Records for processing:
-=-=-

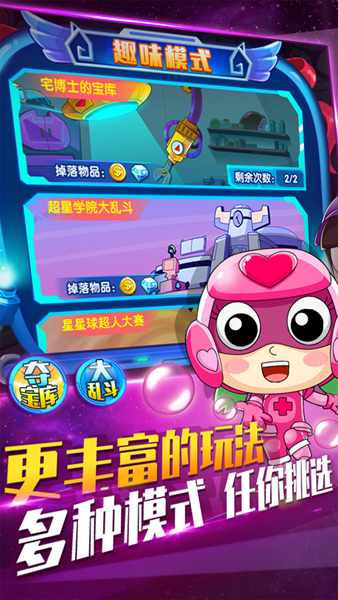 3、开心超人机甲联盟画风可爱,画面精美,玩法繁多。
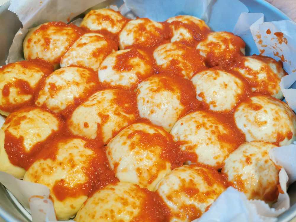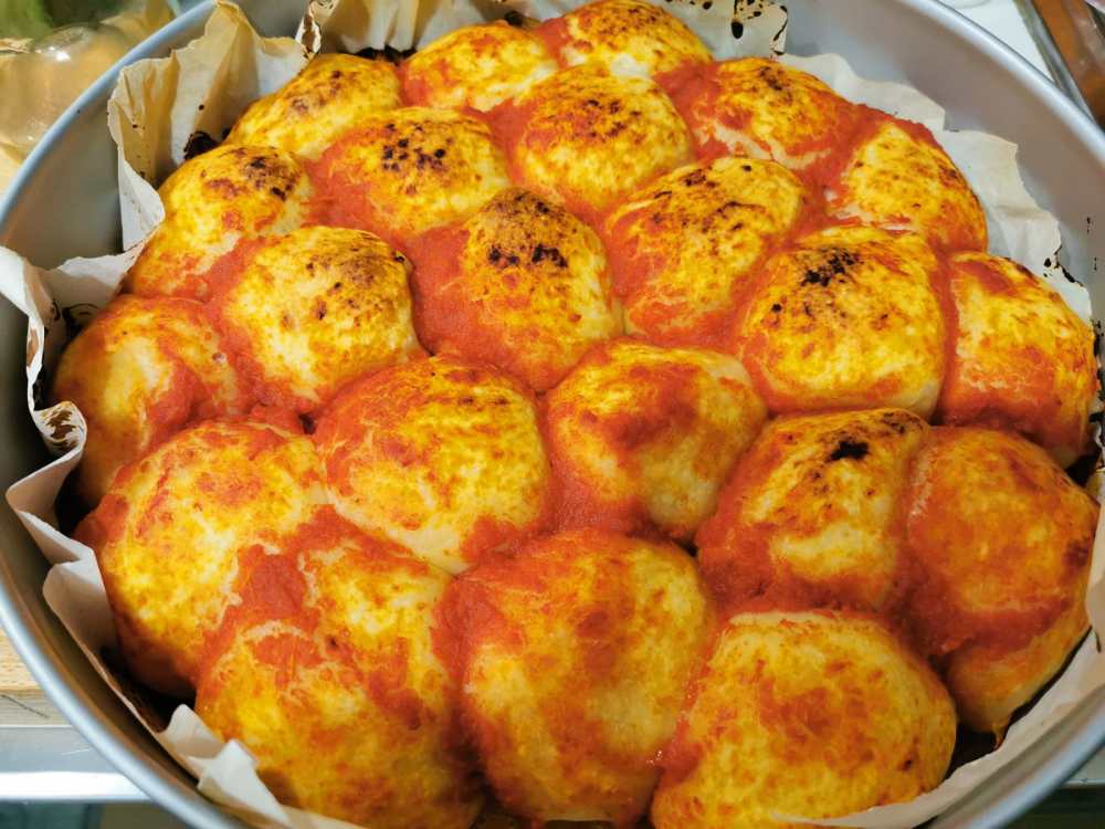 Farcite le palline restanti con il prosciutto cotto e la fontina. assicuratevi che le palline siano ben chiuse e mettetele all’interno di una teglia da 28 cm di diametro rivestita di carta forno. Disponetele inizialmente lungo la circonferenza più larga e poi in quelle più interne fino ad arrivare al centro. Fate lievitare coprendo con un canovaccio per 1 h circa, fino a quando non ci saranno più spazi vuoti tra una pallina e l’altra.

-=-=-

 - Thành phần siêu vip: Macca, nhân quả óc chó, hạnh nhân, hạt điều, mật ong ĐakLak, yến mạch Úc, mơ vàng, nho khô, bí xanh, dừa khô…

-=-=-

What needs to be done: For the material above, give again only the lines starting at the line that contains "3、开心超人机甲联盟画风可爱,画面精美,玩法繁多。" and ending at the line that contains "Farcite le palline". Pictures do not belong in the copy.

Task output:
 3、开心超人机甲联盟画风可爱,画面精美,玩法繁多。
 Farcite le palline restanti con il prosciutto cotto e la fontina. assicuratevi che le palline siano ben chiuse e mettetele all’interno di una teglia da 28 cm di diametro rivestita di carta forno. Disponetele inizialmente lungo la circonferenza più larga e poi in quelle più interne fino ad arrivare al centro. Fate lievitare coprendo con un canovaccio per 1 h circa, fino a quando non ci saranno più spazi vuoti tra una pallina e l’altra.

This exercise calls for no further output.